I’ve never been more happy to have failed what would have been the biggest choice of my life. Twice.

Since then I’ve seen psychologists, medical doctors, pastors, and I’ve since become more comfortable and open about talking about my survival story. Because it needs to be talked about because I’ve since seen one of my best friends and my younger sister’s best friend unfortunately succeed in taking their own lives. And I’ve seen what happens to families, friends, and communities. No one should go through that. I wish no one ever had to ever again.

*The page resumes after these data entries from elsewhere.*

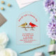 This awesome acrylic Christmas Party invitation features a pretty pair of Northern Cardinals. The male bird is bright red with a red crest on its head and the female bird is a brownish yellow colour with some red on her wings and tail. Both birds have a red beak. The birds are standing on a brown branch covered in festive red berries making this a beautiful Christmas design, especially for couples. There is custom text so you can personalize this design with all the party details.
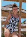 Une pièce sculptant avec un effet ventre plat en maille imprimée. Découpes verticales qui fusèlent la silhouette. Anneaux aux départ bretelles. Armatures pour un matien parfait de la poitrine
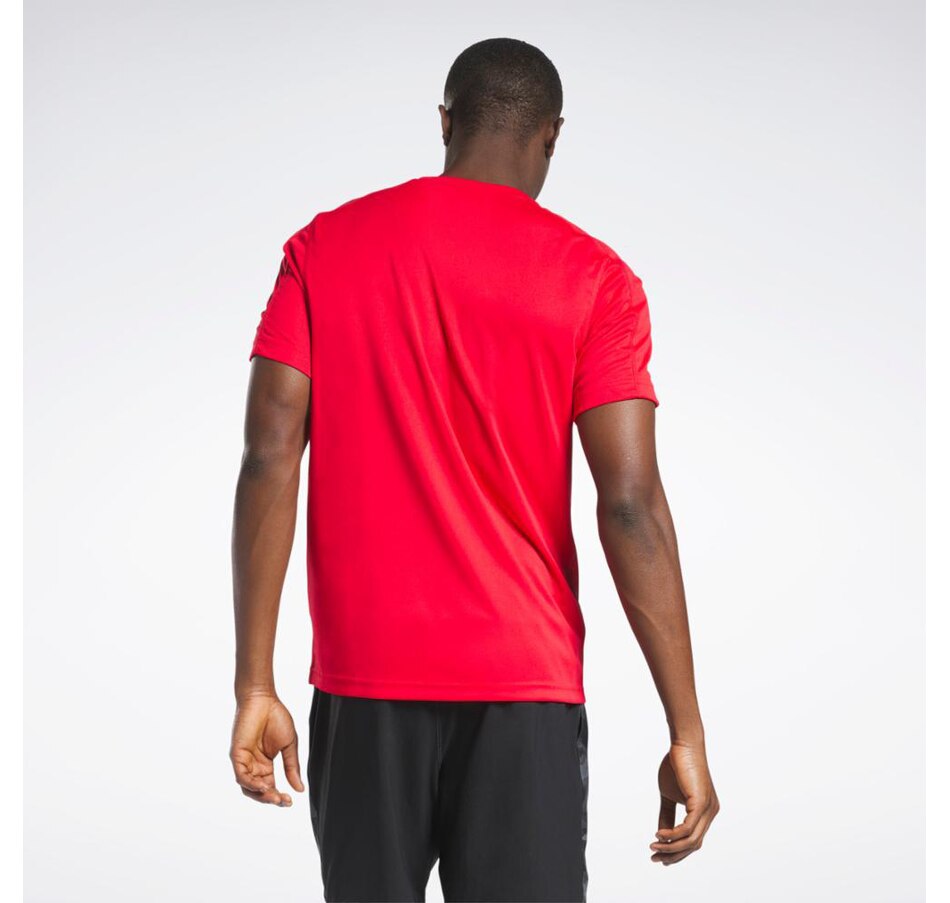 This men's training t-shirt helps you stay comfortable through HIIT workouts and core circuits. Its Speedwick fabric moves sweat away from the body to help you stay cool and dry through your final set, and its subtle graphics help to signal your Reebok pride.

I wrote this because you need to hear one of two things:

1) You are loved so damn hard by so many people even when your brain is telling you that’s not the case. I promise. Even further, you are loved by a Creator who sacrificed everything for your sake. And if that still doesn’t help, hit me up. I’m happy to talk to you. Not to try and convince you that what I’m saying is true. I just want to hear your story. I want to be your friend. I’ll listen. That was all I really needed all along.

If that didn’t apply to you, here’s your message:

2) Think about every interaction you have with every single person from here on out. Be extremely intentional and think very carefully on what you say. Because you don’t know what they’re going through, and you could literally be the reason their loved ones see them again. And you might not even know it.

Happy to be here. Thank you for loving me. Now go love everyone else.